[Exercise instructions]
All entries are to be transcribed verbatim, but images are not carried over.

[Source information]
= Beginning of Section =
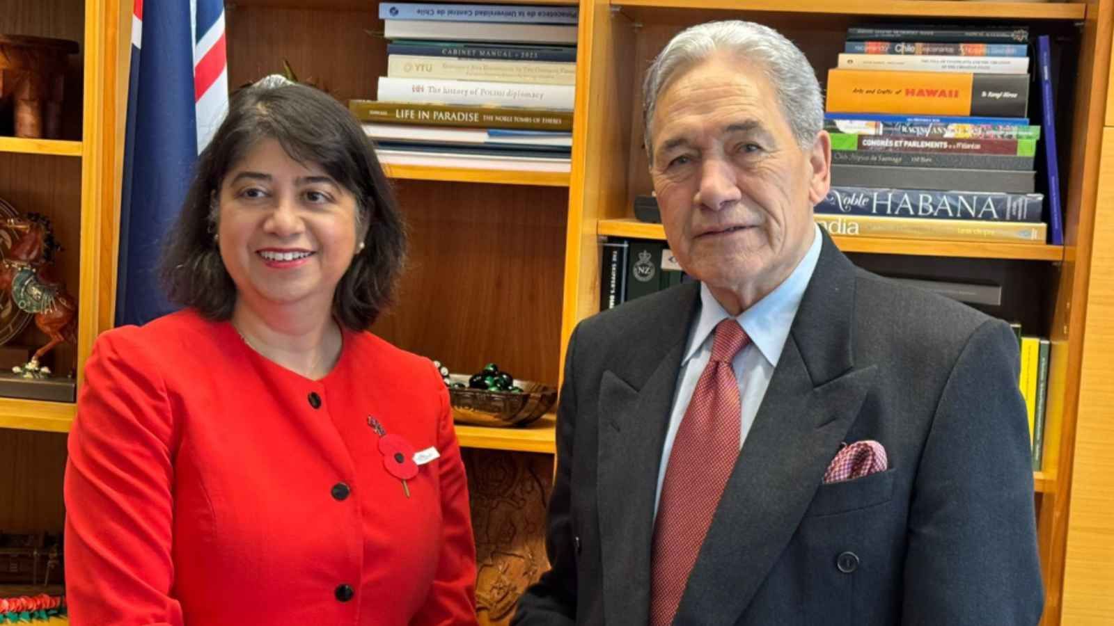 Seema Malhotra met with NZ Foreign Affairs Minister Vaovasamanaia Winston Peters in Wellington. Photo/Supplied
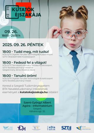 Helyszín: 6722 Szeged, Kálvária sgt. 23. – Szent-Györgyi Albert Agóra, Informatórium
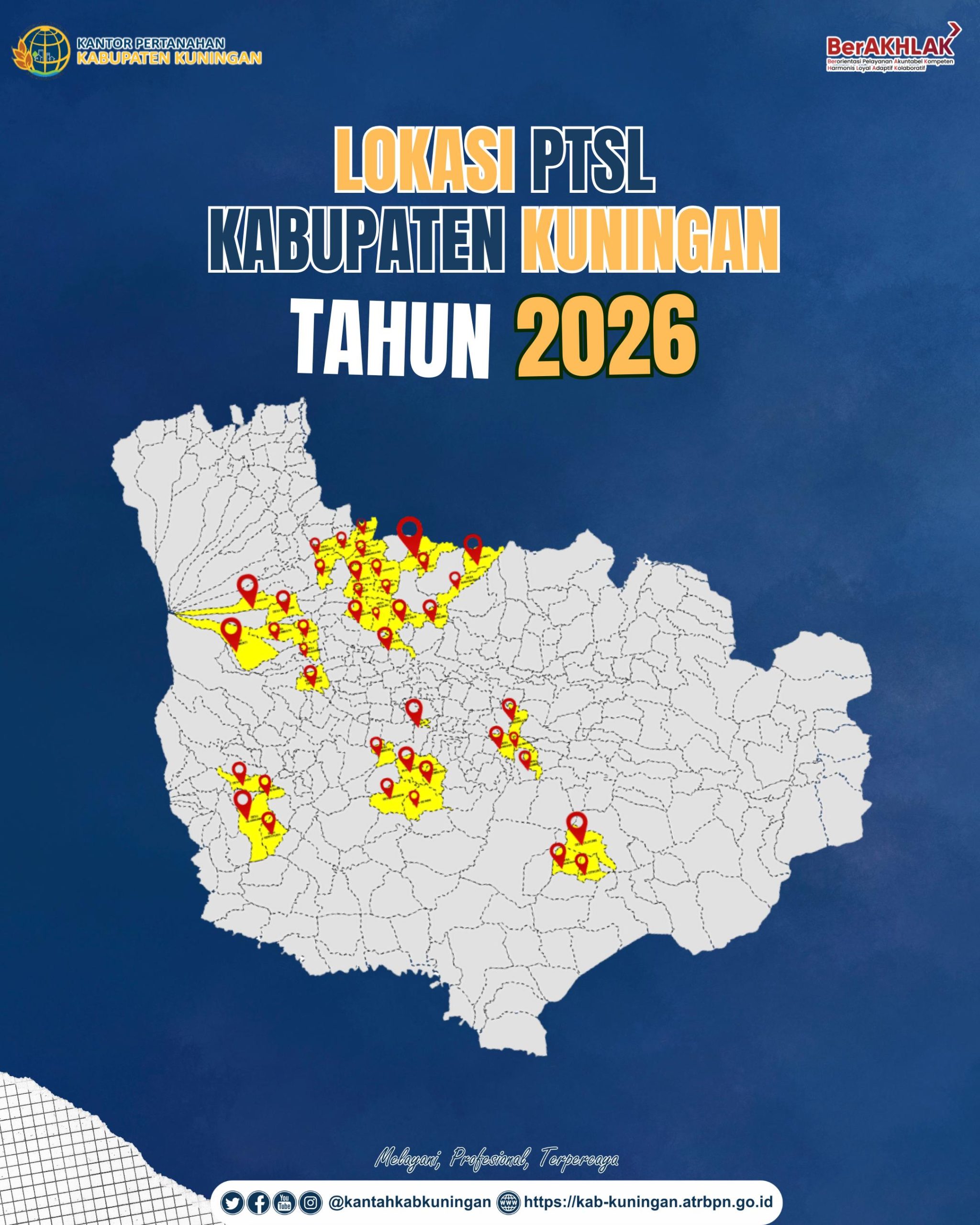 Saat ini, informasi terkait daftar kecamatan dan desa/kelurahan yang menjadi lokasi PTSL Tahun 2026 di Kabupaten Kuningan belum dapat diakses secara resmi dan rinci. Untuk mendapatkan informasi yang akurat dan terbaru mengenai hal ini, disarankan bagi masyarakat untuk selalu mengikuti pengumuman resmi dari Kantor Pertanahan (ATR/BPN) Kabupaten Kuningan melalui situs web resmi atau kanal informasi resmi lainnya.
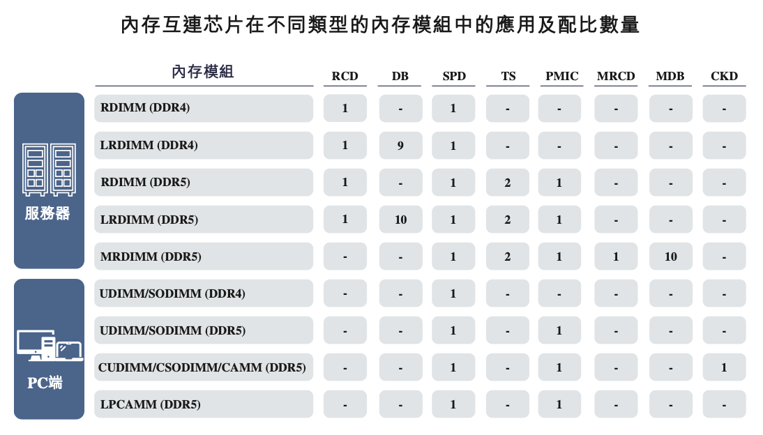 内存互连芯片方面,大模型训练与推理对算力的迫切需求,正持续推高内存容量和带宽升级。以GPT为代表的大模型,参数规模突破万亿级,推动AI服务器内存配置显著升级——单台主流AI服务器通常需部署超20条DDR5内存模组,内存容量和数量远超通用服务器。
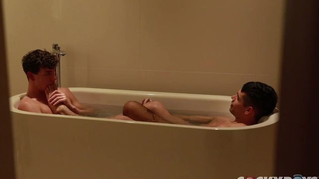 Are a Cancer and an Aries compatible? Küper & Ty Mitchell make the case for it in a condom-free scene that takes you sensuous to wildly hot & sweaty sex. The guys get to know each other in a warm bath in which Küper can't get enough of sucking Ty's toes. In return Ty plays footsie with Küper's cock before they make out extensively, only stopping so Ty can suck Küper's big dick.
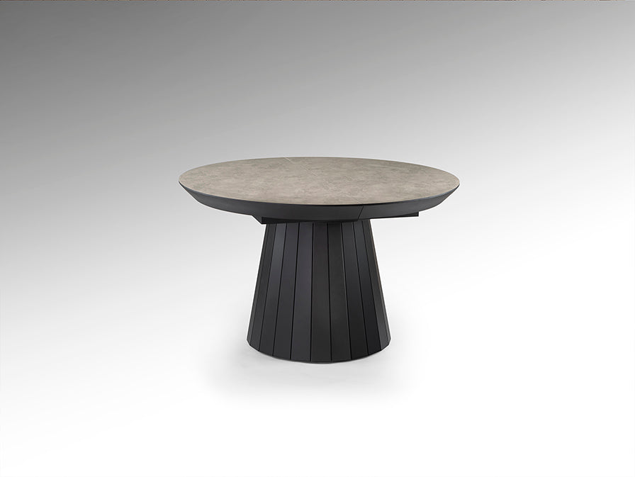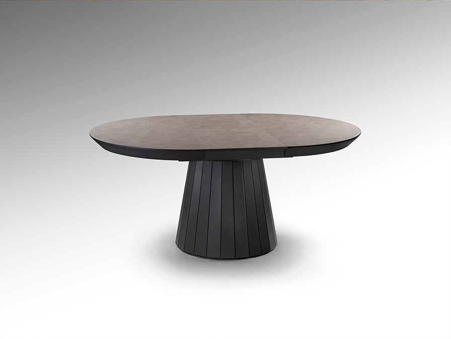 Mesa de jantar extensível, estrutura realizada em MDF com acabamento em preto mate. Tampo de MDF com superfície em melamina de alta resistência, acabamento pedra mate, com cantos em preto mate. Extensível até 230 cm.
= End of Section =
[Finished task]
 Seema Malhotra met with NZ Foreign Affairs Minister Vaovasamanaia Winston Peters in Wellington. Photo/Supplied
 Helyszín: 6722 Szeged, Kálvária sgt. 23. – Szent-Györgyi Albert Agóra, Informatórium
 Saat ini, informasi terkait daftar kecamatan dan desa/kelurahan yang menjadi lokasi PTSL Tahun 2026 di Kabupaten Kuningan belum dapat diakses secara resmi dan rinci. Untuk mendapatkan informasi yang akurat dan terbaru mengenai hal ini, disarankan bagi masyarakat untuk selalu mengikuti pengumuman resmi dari Kantor Pertanahan (ATR/BPN) Kabupaten Kuningan melalui situs web resmi atau kanal informasi resmi lainnya.
 内存互连芯片方面,大模型训练与推理对算力的迫切需求,正持续推高内存容量和带宽升级。以GPT为代表的大模型,参数规模突破万亿级,推动AI服务器内存配置显著升级——单台主流AI服务器通常需部署超20条DDR5内存模组,内存容量和数量远超通用服务器。
 Are a Cancer and an Aries compatible? Küper & Ty Mitchell make the case for it in a condom-free scene that takes you sensuous to wildly hot & sweaty sex. The guys get to know each other in a warm bath in which Küper can't get enough of sucking Ty's toes. In return Ty plays footsie with Küper's cock before they make out extensively, only stopping so Ty can suck Küper's big dick.
 Mesa de jantar extensível, estrutura realizada em MDF com acabamento em preto mate. Tampo de MDF com superfície em melamina de alta resistência, acabamento pedra mate, com cantos em preto mate. Extensível até 230 cm.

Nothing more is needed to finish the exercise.